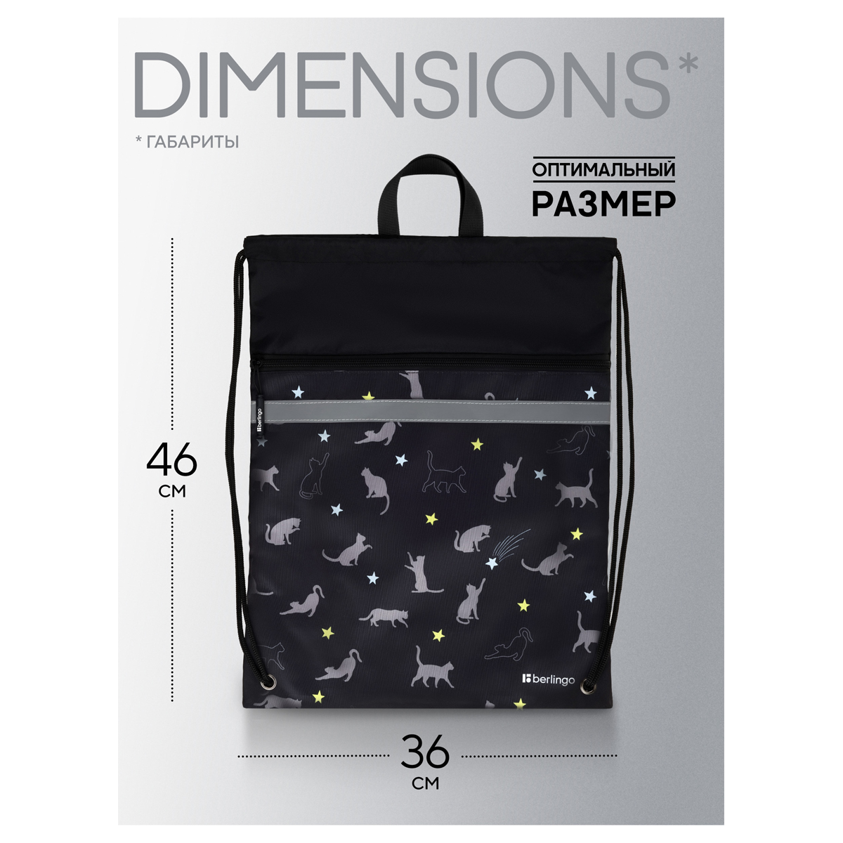 Мешок для обуви 1 отделение Berlingo "MEOW Galaxy", 360*460мм, вентиляционная сеточка , светоотражаю
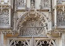 The relief is divided into two parts. In the lower one is seen a crowd of people heading to the gates of heaven, where they are welcomed by an angel, and the others who are going to hell are heading to the leviathan's jaws with devils and are in chains. The upper part shows the Last Judgement, the two angels with horns announcing the end of the world. The other figures represent the 12 apostles. Around the relief of the Last Judgement is in three degrees placed five frame reliefs decorated by pinnacles, profilation and traceried motives. Two lower reliefs refer to the life of St Elisabeth. The other three recreate the scene from Calvary.
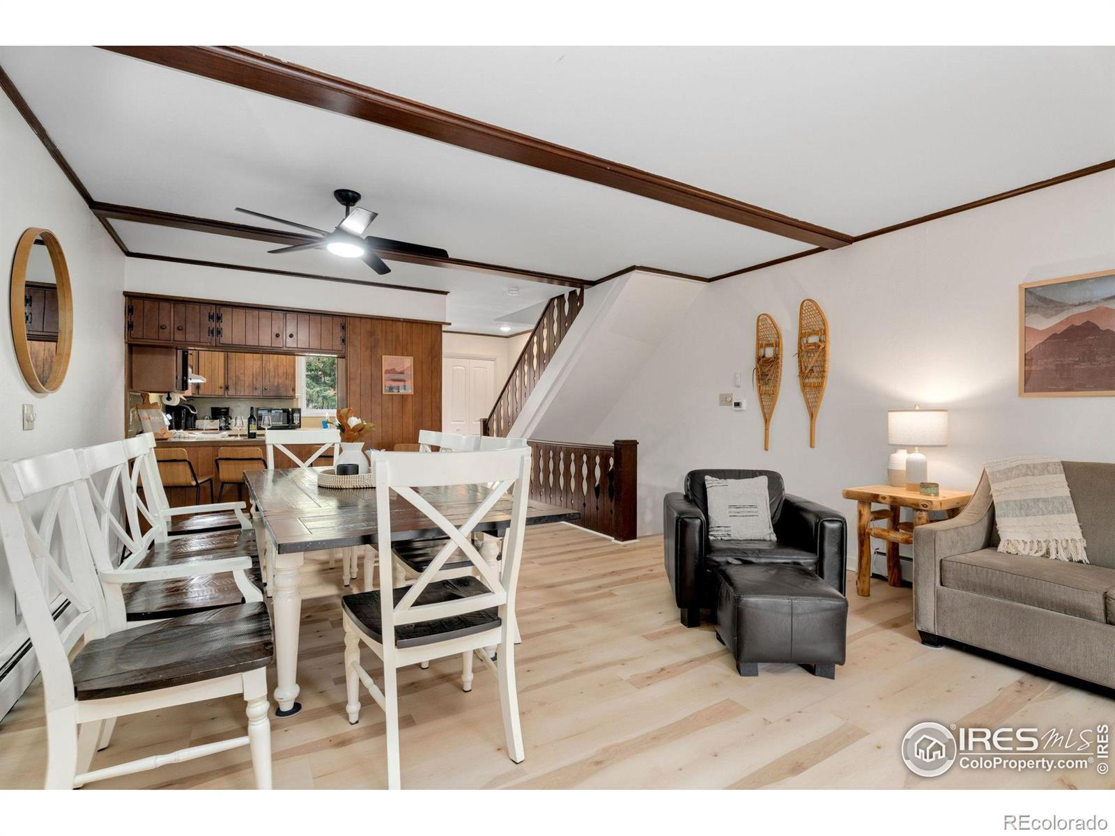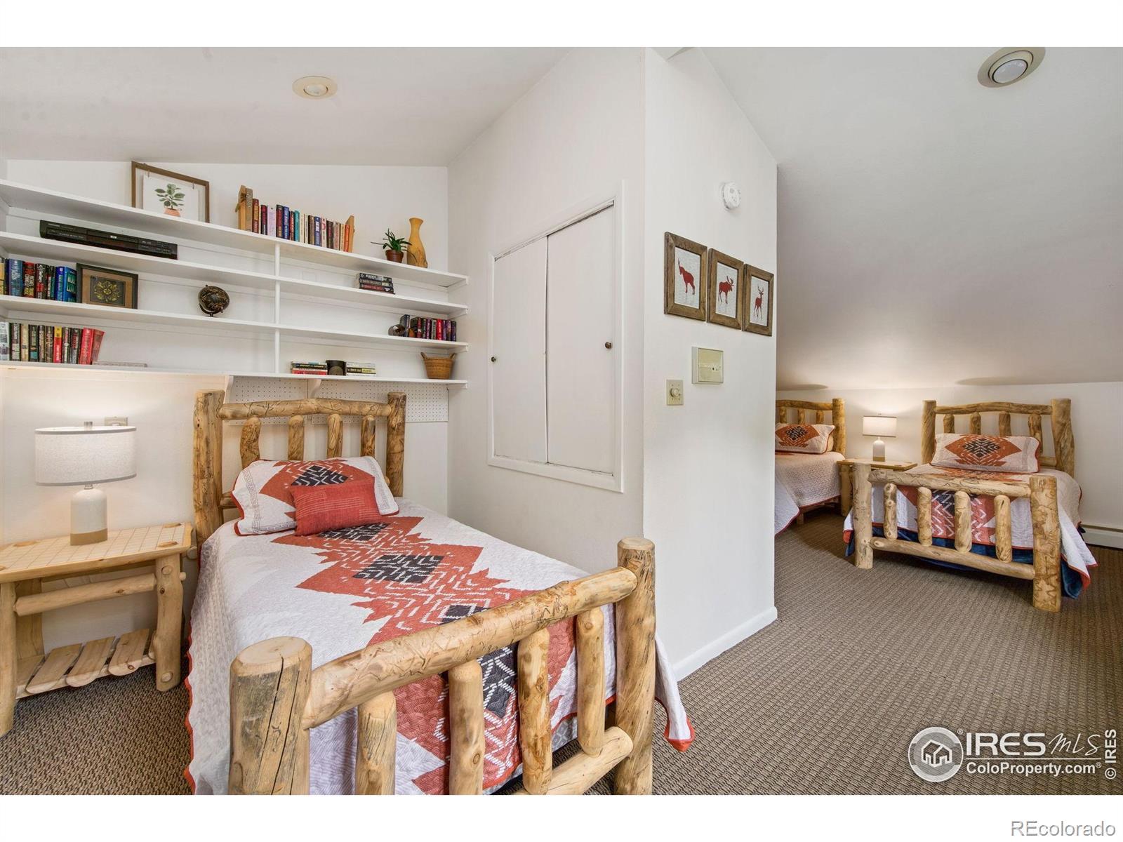 Incredible investment opportunity with $85,000 in gross revenue over the past 12 months and a transferable short-term rental license! Even better, you can self-manage to maximize profits-a huge bonus in Estes Park-or choose to use the convenient onsite management.This is the largest unit in the complex with 4 bedrooms, 2 baths, and room to sleep 10 guests. Step out onto any of the four private decks-three overlooking the peaceful river-and take in the unmatched beauty of Estes Park and the Rocky Mountains. Elk are often in the front yard, creating a true Colorado mountain experience, yet you're only one mile from the entrance to Rocky Mountain National Park and just five minutes to downtown.The property features a modern design with a recently updated kitchen, new LVP flooring, and a cozy fireplace. Sold fully furnished, it's completely turn-key for you and your guests. The HOA includes a pool, cable, internet, water, sewer, exterior maintenance, common areas, snow removal and trash for your convenience. Whether you're looking for a high-performing short-term rental or a personal mountain oasis that pays for itself, this one is not to be missed! Agent owned.
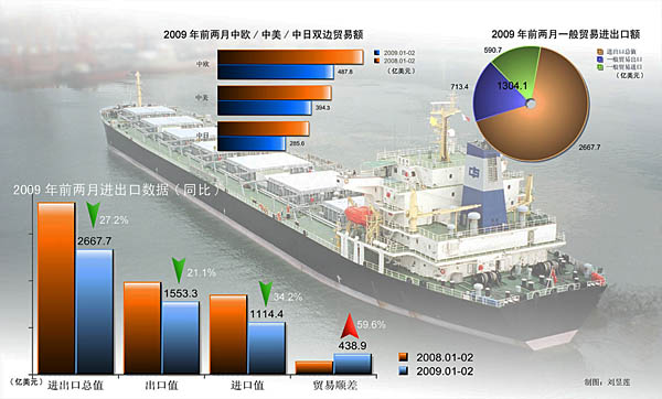 海關總署11日公布的數據顯示,我國2月份進出口數據雙雙下降。專家認為,這一組數據符合市場預期,未來出口下降可能還會加快,今年我國外需面臨較大壓力。 據海關總署發布的數據,2月份,我國外貿進出口總值為1249.48億美元,比去年同期下降24.9%。其中出口648.95億美元,下降25.7%;進口600.54億美元,下降24.1%;貿易順差48.41億美元。這是中國外貿連續四個月出現負增長,而且較1月份近400億美元貿易順差,2月份的貿易順差更是下降了9成。而部分勞動密集型產品出口相對跌幅較小。 “這次全球經濟衰退比1998年亞洲金融危機時嚴重得多,很難說哪個國家可以一枝獨秀。今年中國面臨的外需尤其是出口壓力將會很大。一方面,全球經濟衰退導致需求大幅度萎縮;另一方面,當前全球信用緊縮導致部分海外具有剛性需求的訂單得不到貿易融資的支持,也影響了我國的出口!敝袊y行國際金融研究所高級分析師溫彬認為,自去年11月份以來,我國進口和出口連續4個月同比負增長,由于進口下降幅度大于出口降幅,我國繼續保持貿易順差狀態。但較去年相比,預計今年貿易順差將有較大下降。 中投證券宏觀分析師邢薇薇認為,2月份出口和進口的降幅都符合市場預期,未來出口下降可能還會加快,像日本的出口降幅達百分之三四十。而進口降幅可能在延續兩個月后會有所收斂,這主要受助于國內需求增加的拉動。 交通銀行發展研究部研究員劉能華說:“在美國經濟持續惡化、歐洲經濟深度陷入衰退、新興市場經濟體受危機的影響尚未完全釋放的情況下,出口還有進一步下探的空間;而進口將隨著國內刺激經濟措施的推進而企穩,國內經濟走向復蘇而有望進一步止跌回升。在進口與出口發展呈現反‘剪刀差’的發展趨勢下,貿易順差將進一步收窄,不排除二季度出現逆差的可能! 渣打銀行經濟學家李偉表示,從數據來看,金融危機使得出口市場仍然很疲弱。雖然進口數據有所好轉,但一部分是由于春節因素,1月份的進口積累到了2月份。他同時強調,進口產品中鐵礦石和銅的增長出現了反彈,但這不能說明內需有所反彈,有些進口或許是補充國內生產量的不足。另外,這兩種產品投機性較強,國內和國際市場出現了價格倒掛現象,因此有些進口可能是投機因素。
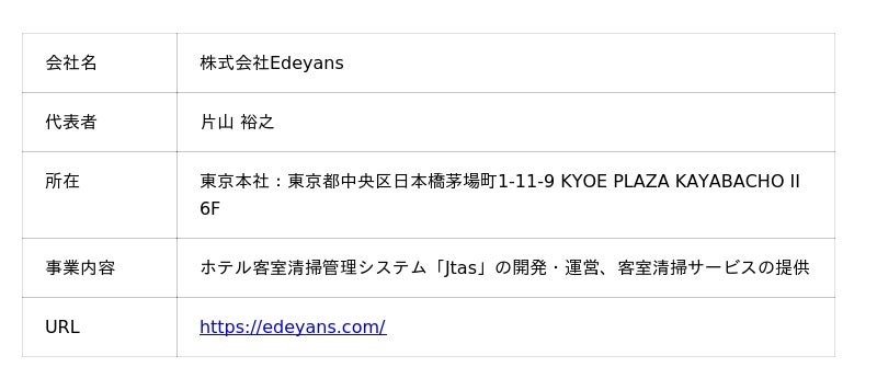 株式会社Edeyans「世界中の宿泊を支え、感動を生む。」をコーポレートミッションに掲げ、テクノロジーとオペレーションの両輪でホテル客室清掃領域の課題解決に取り組むスタートアップです。SaaS型システム「Jtas」の開発・提供に加え、自社でも客室清掃サービスを展開することで、現場知見をシステム開発にフィードバックする独自の強みを持っています。日本が世界に誇れる清掃サービスの発展と、従事する方々の地位向上を目指し事業を展開しています。
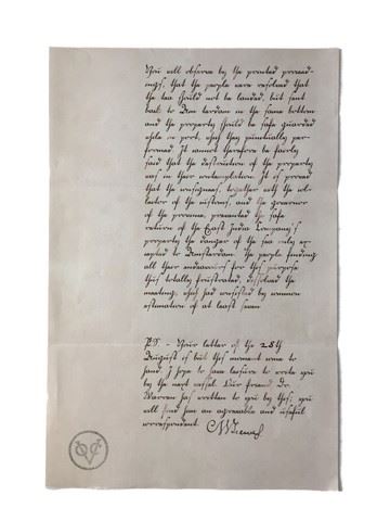 Screen used, letter from the voyage to Batavia. (13"x9")
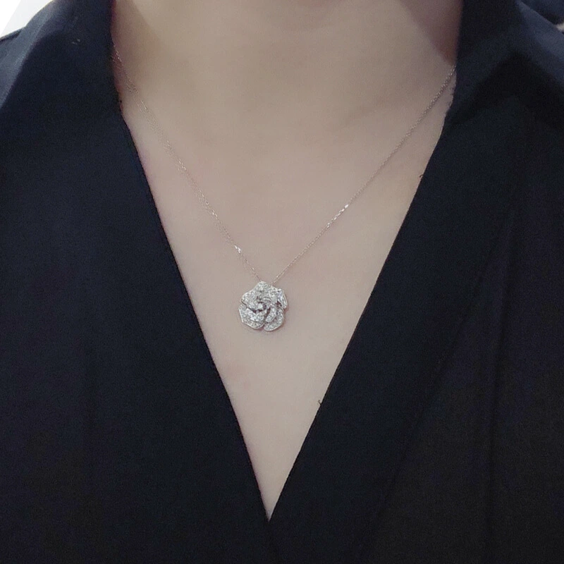 Ожерелье с цветочным узором во французском стиле, ретро-подвеска в виде камелии с полыми бриллиантами, цепочка на ключицу (включая цепочку)
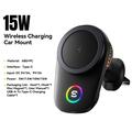 Chargeur sans fil magnétique Essager 15W avec support pour voiture, ventilateur de refroidissement, éclairage RGB et fixation pour grille d'aération - Compatible MagSafe

#####

§ **PROBLEM DESCRIPTION**
Give back the lines from the one containing "株式会社Edeyans「世界" through the last line of the records above exactly as they appear, both included, and no pictures.

§ **WRITTEN ANSWER**
 株式会社Edeyans「世界中の宿泊を支え、感動を生む。」をコーポレートミッションに掲げ、テクノロジーとオペレーションの両輪でホテル客室清掃領域の課題解決に取り組むスタートアップです。SaaS型システム「Jtas」の開発・提供に加え、自社でも客室清掃サービスを展開することで、現場知見をシステム開発にフィードバックする独自の強みを持っています。日本が世界に誇れる清掃サービスの発展と、従事する方々の地位向上を目指し事業を展開しています。
 Screen used, letter from the voyage to Batavia. (13"x9")
 Ожерелье с цветочным узором во французском стиле, ретро-подвеска в виде камелии с полыми бриллиантами, цепочка на ключицу (включая цепочку)
 Chargeur sans fil magnétique Essager 15W avec support pour voiture, ventilateur de refroidissement, éclairage RGB et fixation pour grille d'aération - Compatible MagSafe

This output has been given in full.